Logement : Squattons chez la Marquise !
La crise du logement, c’est tout le temps. Mais c’est surtout en hiver que fleurissent les réquisitions, comme celle du squat La Marquise, à Paris 4e. Avec la chute de la construction immobilière depuis un an et l’immobilisme du gouvernement, les réquisitions sont appelées à se multiplier.
Pénurie de logement sociaux ? Des années de queue pour y accéder ? Tant pis, on squatte ! Depuis début novembre, une quinzaine de personnes appartenant au collectif Jeudi Noir occupent le lieu de naissance de la marquise de Sévigné [1]. Évidemment, c’est luxueux : un magnifique immeuble du XVIIe siècle dans le IVe arrondissement de Paris, place des Vosges, 3 000 mètres carrés, dont deux tiers habitables, avec escalier de marbre, cheminée gigantesque et terrasse de 80 mètres carrés. Les salles haut de plafond sont toutefois difficiles à chauffer, et l’agencement des lieux ne se prête guère à l’intimité des occupants. L’immeuble est inoccupé depuis 1965 (!), mais régulièrement rénové. Sa propriétaire, riche héritière aujourd’hui désargentée, Mme Cottin, a porté plainte pour « violation de domicile ». Les occupants ont réussi à dépasser le délai de 48 heures dans les lieux, obligeant la propriétaire à engager une procédure judiciaire avant de les expulser. Elle réclame 115 000 euros aux 12 personnes assignés.
Médiatiquement, Jeudi Noir s’en sort bien. En une semaine le squat a déjà fait l’objet d’un reportage sur TF1 et d’un article dans Le Monde et dans Libération, dans l’idée d’alerter l’opinion publique. Les élus verts de Paris, l’adjointe au maire du IVe arrondissement, et beaucoup de voisins ont apporté leur soutien. Les occupants du squat, rebaptisé la Marquise, ne sont ici que des étudiantes, étudiants et travailleurs précaires.

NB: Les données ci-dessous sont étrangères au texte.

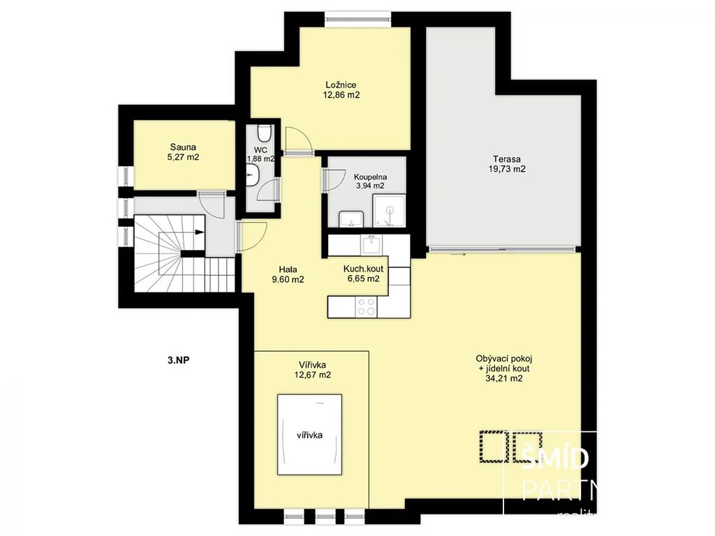 4. Nadstandardní byt o 90 m2 v podkroví s velkou terasou 20 m2 a saunou

Parallèlement d’autres ouvertures ne bénéficient pas du même retentissement et du même soutien. La même semaine, à trois pâtés de maisons, un squat à été expulsé par les gardes mobiles le premier jour de son installation. L’adjointe au maire – appelée à la rescousse – était cette fois injoignable. Est-ce parce qu’à la différence des occupants de la Marquise, il y avait ici des punks et des « autonomes » ?
Ces ouvertures de logements se font au début de la trêve hivernale sur les expulsions, bien que celle-ci ne s’applique légalement pas aux squats. Le propriétaire peut en effet en demander expressément la suppression au juge, qui est le dernier à trancher. Selon la Fondation Abbé Pierre, il y a eu en 2008 11 294 expulsions par les forces publiques. Cela représente une augmentation de plus de 150 % en dix ans. Toujours selon la fondation, 1,8 million de ménages en France auraient des difficultés à payer leur loyer.
La situation se tend
Après la fumisterie du « droit au logement opposable » en 2007, Christine Boutin avait annoncé, à la fin de la dernière trêve hivernale, « qu’il n’y aura plus personne à la rue en conséquence d’une expulsion ». Comment ? Grâce à des commissions de « prévention des expulsions » dans chaque département chargées de remédier aux situations délicates. Pipeau total, comme chaque fois. Les chiffres ne seront disponibles qu’en 2010, mais ils devraient révéler une nouvelle hausse des expulsions en 2009.
Cela fait plusieurs années qu’on dit que la crise du logement est insoluble s’il n’y a pas construction massive de logements sociaux. Ceux-ci représentent la partie congrue dans la construction immobilière. Or les mises en chantier ont, du fait de la crise économique, reculé de 21% sur l’année écoulée. L’année 2009 va être la pire depuis onze ans en terme de construction d’habitations. C’est bien la preuve, une fois de plus, que la loi du marché est incapable de répondre aux besoins fondamentaux de la population. La solution ce serait la socialisation de l’immobilier, et un large service public du logement. Pour l’instant, vu le contexte, la tension sur le front du logement va s’accroître. Les réquisitions (qu’elles soient le fait du DAL, de Droits devant !!, de Jeudi Noir ou autres collectifs auto-organisés) vont, espérons-le, se multiplier.